Trenbolone undecanoate

Clinical data
- Other names: Trenbolone undecylate; Estra-4,9,11-trien-17β-ol-3-one 17β-undecylate
- Routes of administration: Intramuscular injection
- Drug class: Androgen; Anabolic steroid; Androgen ester; Progestogen

Legal status
- Legal status: UK: Class C; US: Schedule III;

Identifiers
- IUPAC name [(8R,9S,10R,13S,14S,17S)-10,13-dimethyl-3-oxo-1,2,6,7,8,9,11,12,14,15,16,17-dodecahydrocyclopenta[a]phenanthren-17-yl] undecanoate;
- CAS Number: 39035-36-4;
- PubChem CID: 101803133;
- CompTox Dashboard (EPA): DTXSID601337349 ;

Chemical and physical data
- Formula: C_{29}H_{41}O_{3}
- Molar mass: 437.644 g·mol^{−1}
- 3D model (JSmol): Interactive image;
- SMILES O(C(CCCCCCCCCC)=O)[C@]1CC[C@]([H])2[C@@]([H])3CCC4=CC(CCC4=C3C=C[C@@]21C)=O;
- InChI InChI=1S/C29H41O3/c1-3-4-5-6-7-8-9-10-11-28(31)32-27-17-16-26-25-14-12-21-20-22(30)13-15-23(21)24(25)18-19-29(26,27)2/h18-20,25-26H,3-17H2,1-2H3/t25-,26+,29+/m1/s1; Key:DTHSGQSBBRPTMW-ALTZYDRJSA-N;

= Trenbolone undecanoate =

Chemical compound

Trenbolone undecanoate, or trenbolone undecylate, is a synthetic injected anabolic–androgenic steroid (AAS) that is a derivative of nandrolone (19-nortestosterone) which was never marketed. It is the C17β undecanoate (undecylate) ester and a long-acting prodrug of trenbolone. The drug was described by researchers at Roussel Uclaf in 1967 and was the first long-lasting ester of trenbolone to be developed.

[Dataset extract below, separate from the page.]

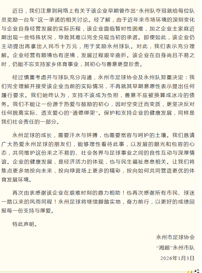 经过慎重考虑并与球队充分沟通,永州市足球协会及永州队郑重决定:我们完全理解并接受该企业当前的实际情况,不再就其早期意愿性表示提出任何履行要求。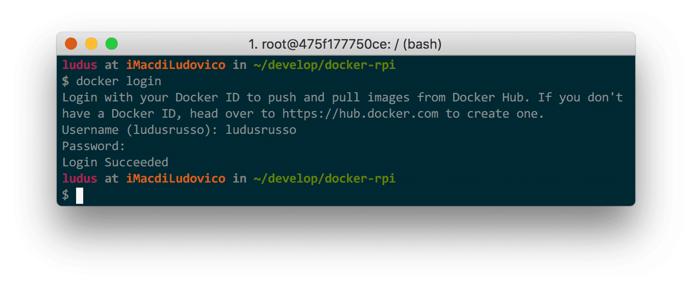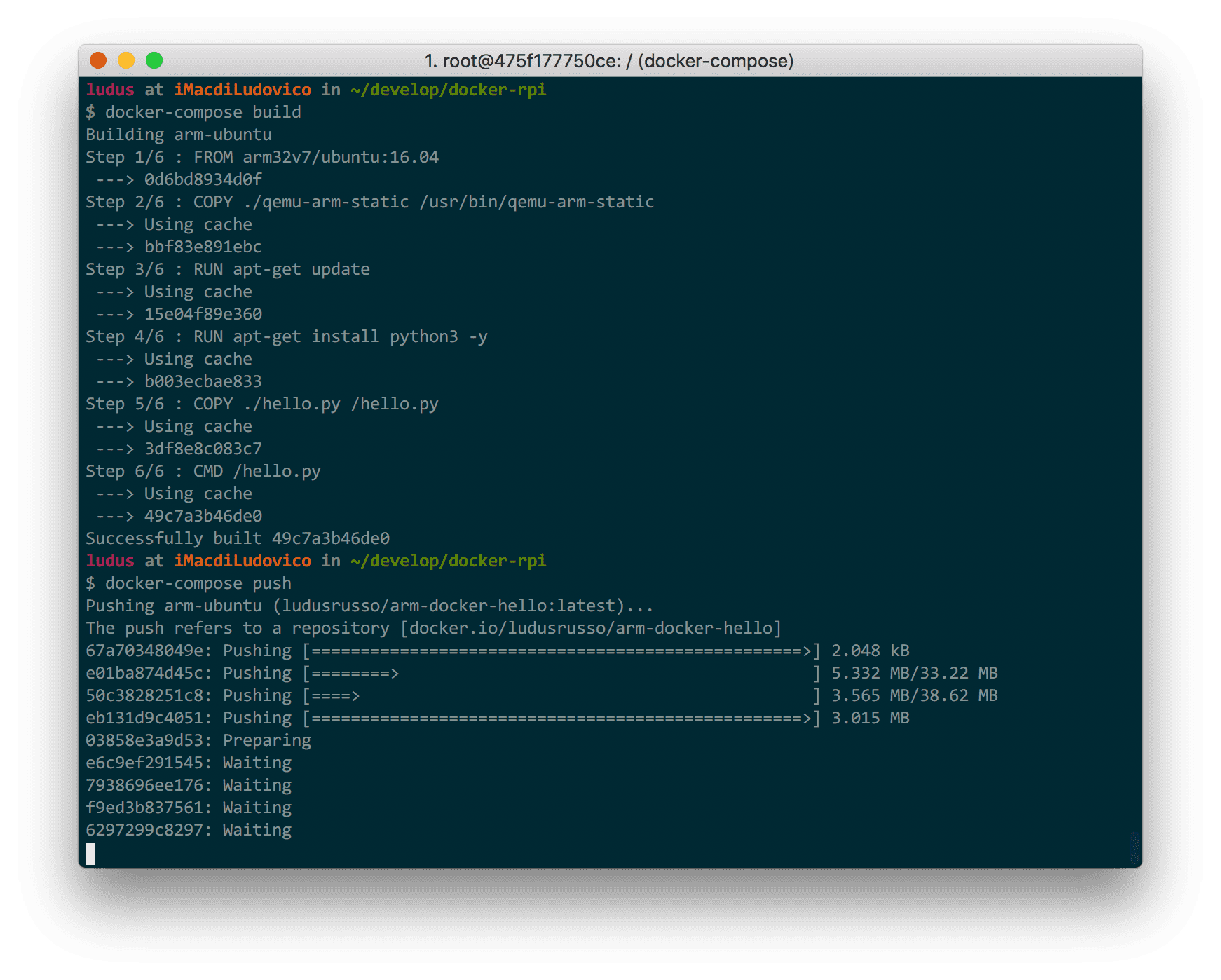 A questo punto, otterremo un tag della nostra immagine (che ha la forma <nome utente>/<nome immagine>) che dovremmo usare per fare il deploy ed il download. Nel mio caso è ludusrusso/arm-docker-hello.

Subsequently, trenbolone hexahydrobenzylcarbonate, a roughly equivalent compound, was developed and approved in Europe for human medical use in 1980, though it was discontinued in 1997. Trenbolone enanthate is another long-lasting ester of trenbolone. Similarly to trenbolone undecanoate, it was never approved for human use, but is sold on the black market for use by bodybuilders and athletes.